天祥院の連絡先は知っていたが、やりとりをしたことは殆どなかった。
彼は僕がアパルトマンにいることを前提に決まった時間にやって来るのが常で「今から行っても構わないか」という本来ならあるべき確認など取らないから。
そして日本にいる時の彼は多忙で、僕にメッセージを送っている暇などないのは想像に難くなかった。
時間に余裕のない彼が、土日には時間を確保して必ず僕のところにやって来る。
その事実に自惚れていたのだと、オーブンの中で膨らんでいく一人分には大きなケーキを眺めながら思った。
(今頃、日本は夜か)
暗転したスマホの画面を再度つけて、天祥院の連絡先を表示して、そこで動きを止めた。
連絡してどうするのか。
クリスマスイブの夜に「メリークリスマス」と伝えるために電話をする時点で己の流儀に反している上、僕は彼に「いま誰とどこにいるのか」としつこく聞かない自信がなかった。

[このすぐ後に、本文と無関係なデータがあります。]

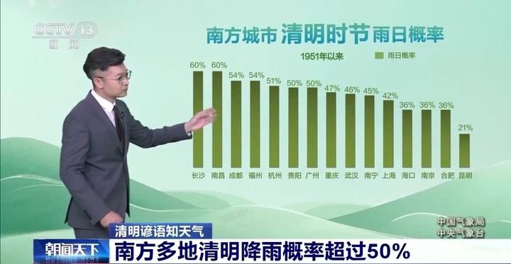 大城市當(dāng)中,像是長(zhǎng)沙、南昌、成都、福州,在清明時(shí)節(jié)遇雨的概率都超過(guò)了50%,大家在南方還是要帶一把傘。
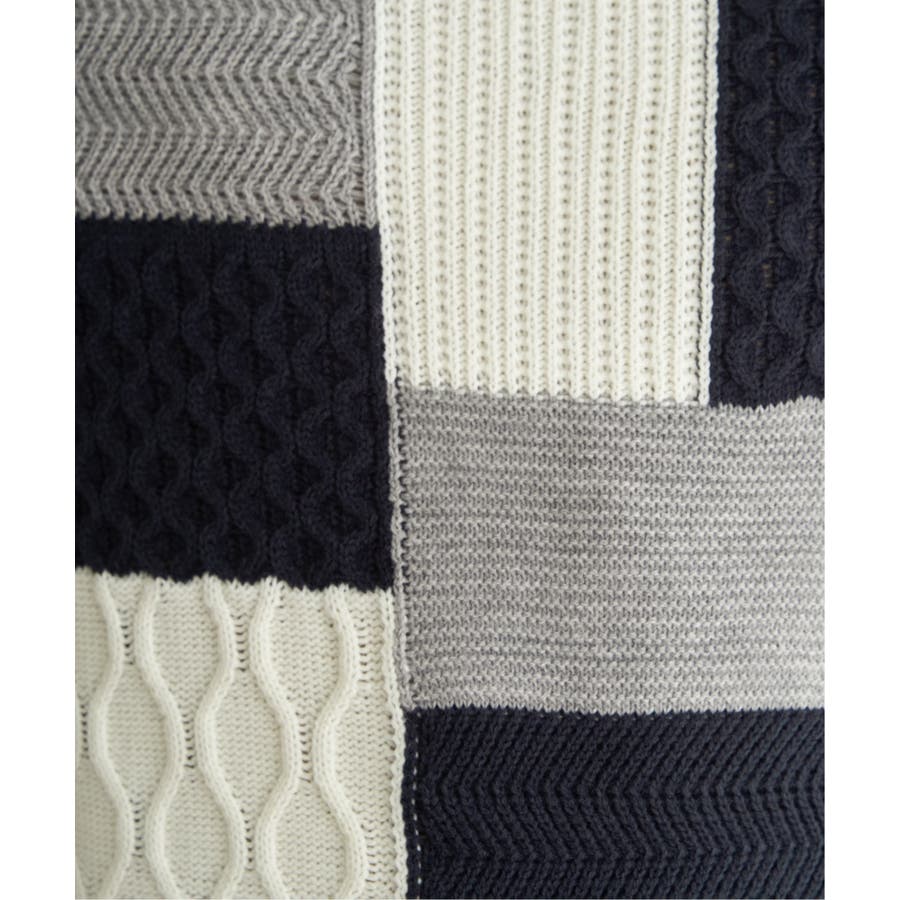 ブロック毎に編地や色を変えたこだわりニット。
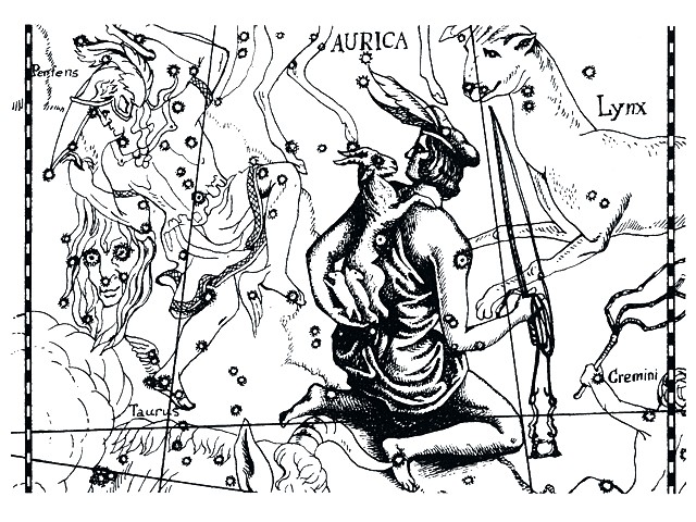 Латинское название: Auriga (сокращенное Aur). Это созвездие северного полушария неба - одно из самых древних. Включено в каталог звёздного неба Клавдия Птолемея «Альмагест». Расположено оно севернее хорошо заметных созвездий Близнецов и Тельца. Впрочем, и сам Возничий уж никак не относится к малозаметным собратьям! Одна только яркая Капелла, отличающаяся своей желтизной, уже привлекает к себе внимание. Главная фигура созвездия образует хорошо заметный пятиугольник, а звезды Капелла (α Aur), ε (Алмааз), ζ (Садатони ) и η образуют хорошо известный астеризм «Козлята», в котором первая из них изображает Козу, а три другие Козлят. В средних широтах большая часть созвездия является незаходящей, потому оно видно практически круглогодично. В короткие и светлые летние ночи желтая Капелла, находясь низко над северным горизонтом, весело подмигивает любителям полюбоваться красотой серебристых облаков. А наилучшим временем для наблюдения созвездия являются декабрь и январь, когда оно находится вблизи зенита. Созвездие занимает на небе площадь в 657 квадратных градусов и содержит около 90 звёзд, видимых невооруженным глазом. На удивление в созвездии нет звезды γ Aur. А раньше такая звезда была и считалась одновременно звездой β Tau! Но, в последствии эта звезда была отдана во владение Тельцу! Интересно, что недалеко от звезды Менкалинан (β Aur) расположен антицентр Галактики. Возможно, из-за этого созвездие, находящееся в плоскости Галактики, сравнительно бедно звездами.Карта по Г.Рею.
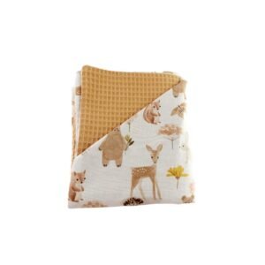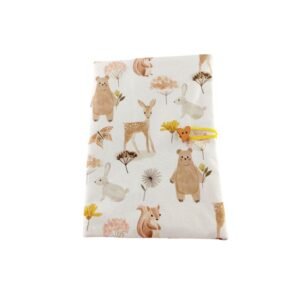 Σούπερ βρεφικό σετ δώρου για νεογέννητο με ύφασμα μοτίβο ζωάκια του δάσους σε χρώματα λευκό, καφέ και μπισκότο!
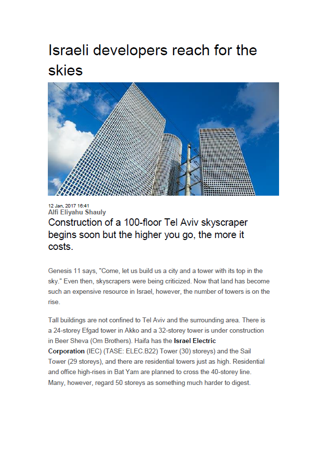 יזמי בנייה ישראלים עולים אל הרקיע
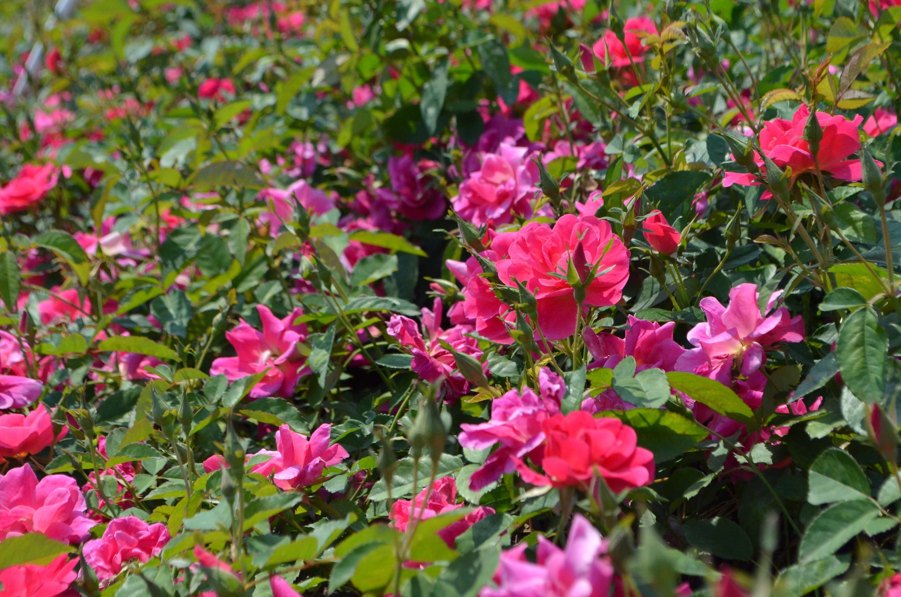 'Thomas Affleck' was bred at our nursery and named in honor of a notable 19th century nurseryman who had a nursery just a few miles from ours. The intensely cerise pink, semi-double blooms make a bold statement in the garden. It is a wonderful specimen for a mixed planting or large container and is useful near a walkway where its fragrance and thornless nature can be appreciated.

(…駄目だ、格好悪いにも程がある。僕にだってプライドはあるのだから)
僕はキッチンテーブルに置いたスマホを手で遠ざけた。
せっかく日本の商業主義的なクリスマスの騒ぎから遠ざかることが出来たのに、理想のクリスマスイブを過ごせずにふてくされているなんて嫌になる。
気分がスッキリしないままぼんやりしていると、ケーキが焼きあがった。
型から外したケーキの上部を平らにカットしてひっくり返し、後はスピード勝負だ。
粉糖とレモン汁を混ぜて作ったグラスアローの液を手早くかけて、側面はパレットナイフで均等に仕上げる。
作業に没頭しながらも頭の片隅には「こういう作業を彼に見せたかったのに」という気持ちがあり、気持ちの乱れはケーキの側面に小さなムラを残した。